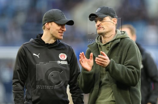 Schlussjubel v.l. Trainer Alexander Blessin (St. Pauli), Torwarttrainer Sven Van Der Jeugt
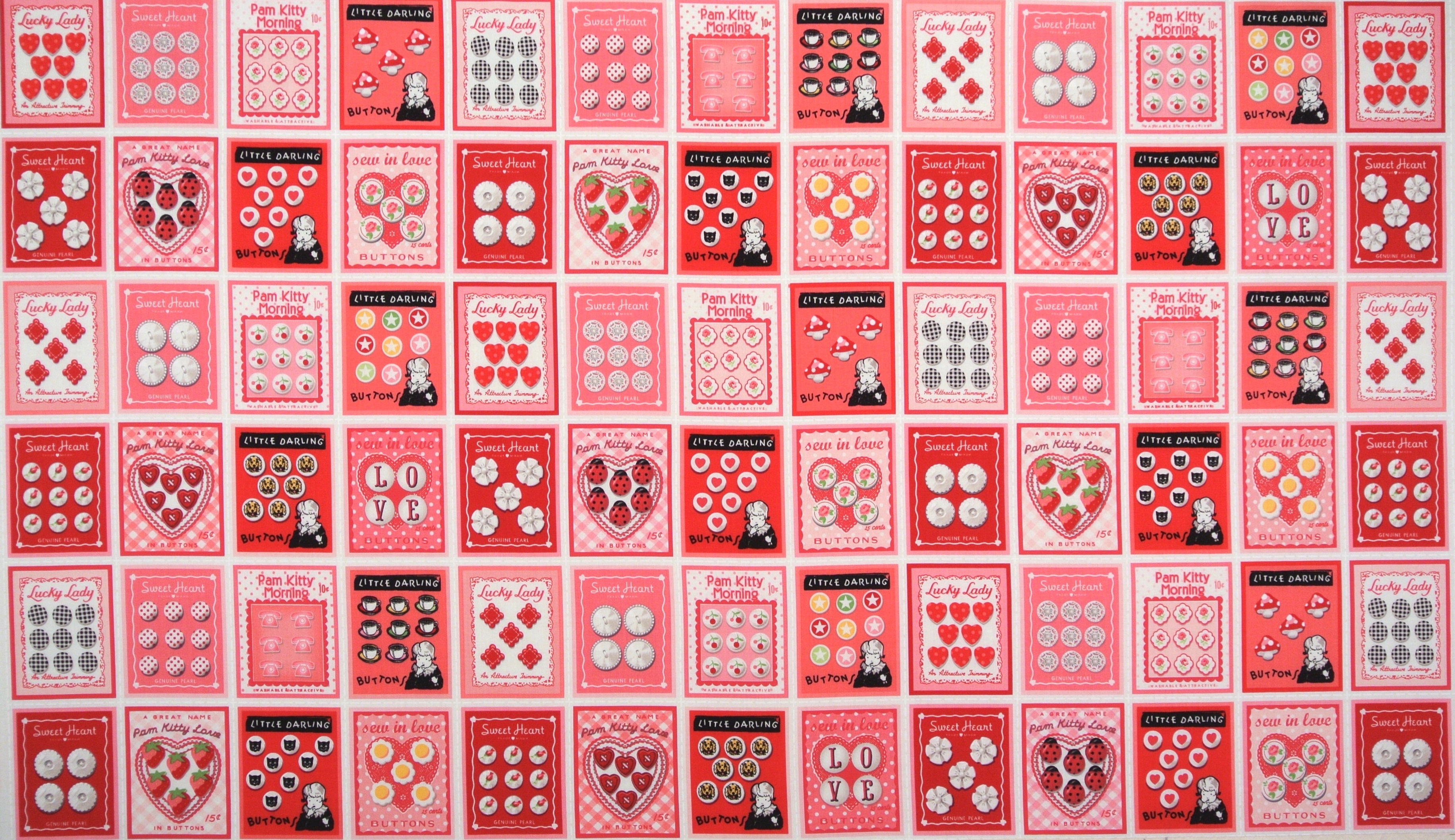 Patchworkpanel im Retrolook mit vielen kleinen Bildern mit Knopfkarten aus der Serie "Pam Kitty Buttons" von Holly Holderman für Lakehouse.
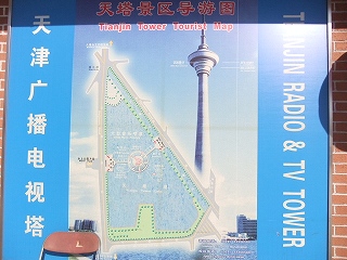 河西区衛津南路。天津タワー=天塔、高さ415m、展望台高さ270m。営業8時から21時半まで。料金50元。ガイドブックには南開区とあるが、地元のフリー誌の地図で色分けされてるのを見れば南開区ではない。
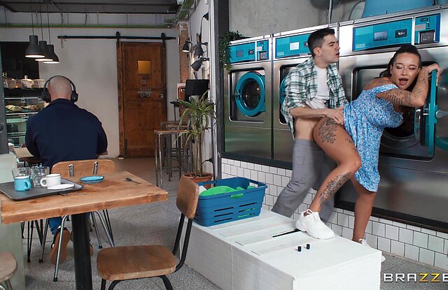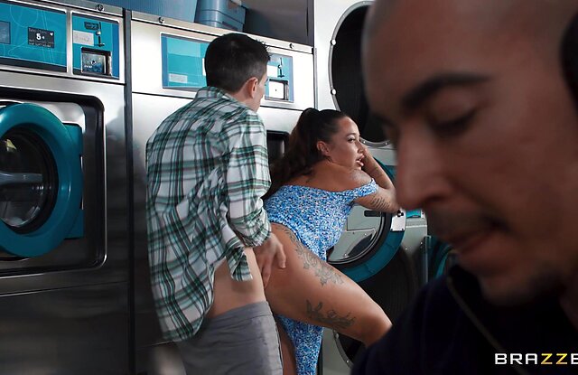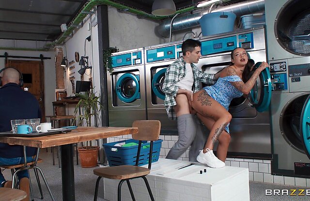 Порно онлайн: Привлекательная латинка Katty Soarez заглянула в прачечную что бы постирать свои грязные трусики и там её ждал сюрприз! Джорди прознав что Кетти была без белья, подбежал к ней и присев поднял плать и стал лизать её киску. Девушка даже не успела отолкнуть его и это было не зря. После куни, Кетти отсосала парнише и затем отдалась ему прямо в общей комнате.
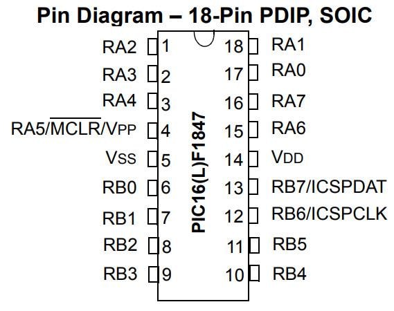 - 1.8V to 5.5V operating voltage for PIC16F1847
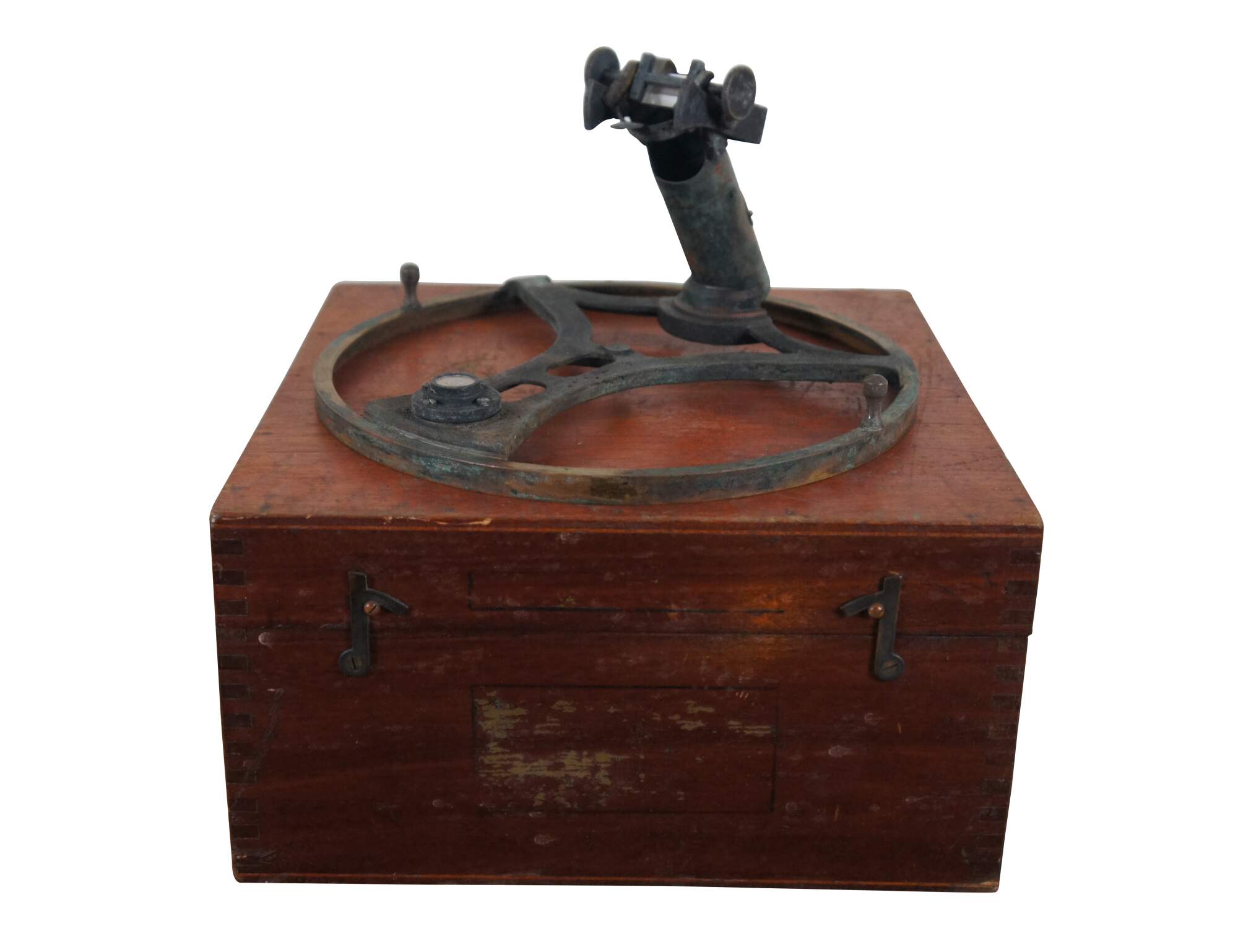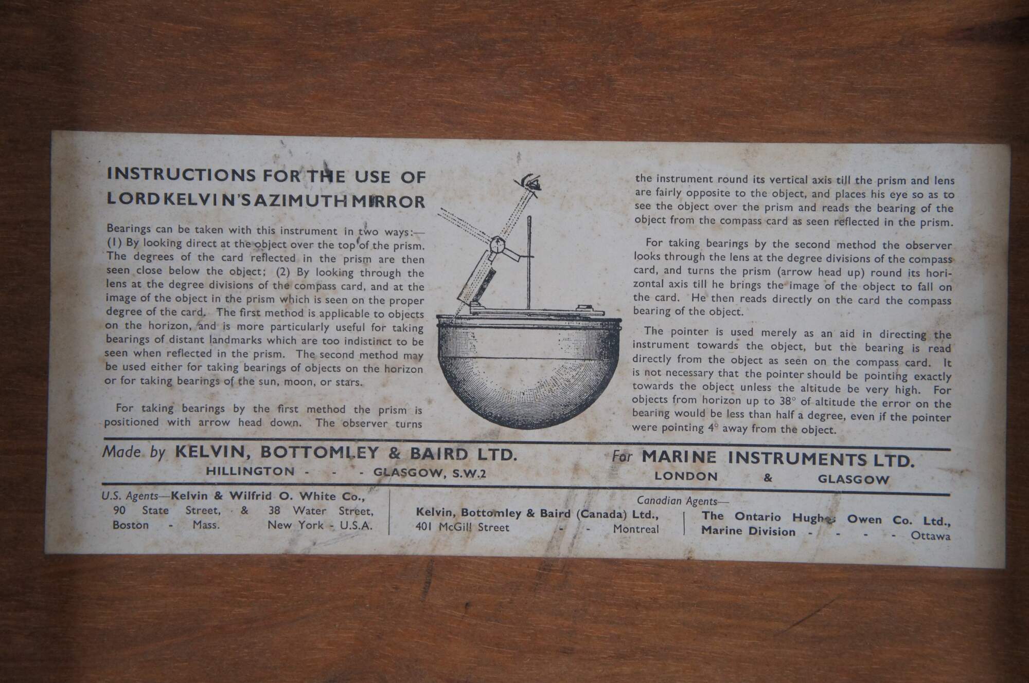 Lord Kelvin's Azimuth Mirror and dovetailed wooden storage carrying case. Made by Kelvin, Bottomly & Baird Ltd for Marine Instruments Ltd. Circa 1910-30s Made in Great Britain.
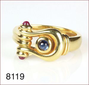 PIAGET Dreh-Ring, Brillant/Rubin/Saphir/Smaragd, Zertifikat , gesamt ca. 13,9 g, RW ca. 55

● **What needs to be done**
What is needed is a word-for-word repeat of every line from the line with "河西区衛津南路。天津タワー=天塔、高さ4" to the end of the entries above; leave out the pictures.

● **Solution for this problem**
 河西区衛津南路。天津タワー=天塔、高さ415m、展望台高さ270m。営業8時から21時半まで。料金50元。ガイドブックには南開区とあるが、地元のフリー誌の地図で色分けされてるのを見れば南開区ではない。
 Порно онлайн: Привлекательная латинка Katty Soarez заглянула в прачечную что бы постирать свои грязные трусики и там её ждал сюрприз! Джорди прознав что Кетти была без белья, подбежал к ней и присев поднял плать и стал лизать её киску. Девушка даже не успела отолкнуть его и это было не зря. После куни, Кетти отсосала парнише и затем отдалась ему прямо в общей комнате.
 - 1.8V to 5.5V operating voltage for PIC16F1847
 Lord Kelvin's Azimuth Mirror and dovetailed wooden storage carrying case. Made by Kelvin, Bottomly & Baird Ltd for Marine Instruments Ltd. Circa 1910-30s Made in Great Britain.
 PIAGET Dreh-Ring, Brillant/Rubin/Saphir/Smaragd, Zertifikat , gesamt ca. 13,9 g, RW ca. 55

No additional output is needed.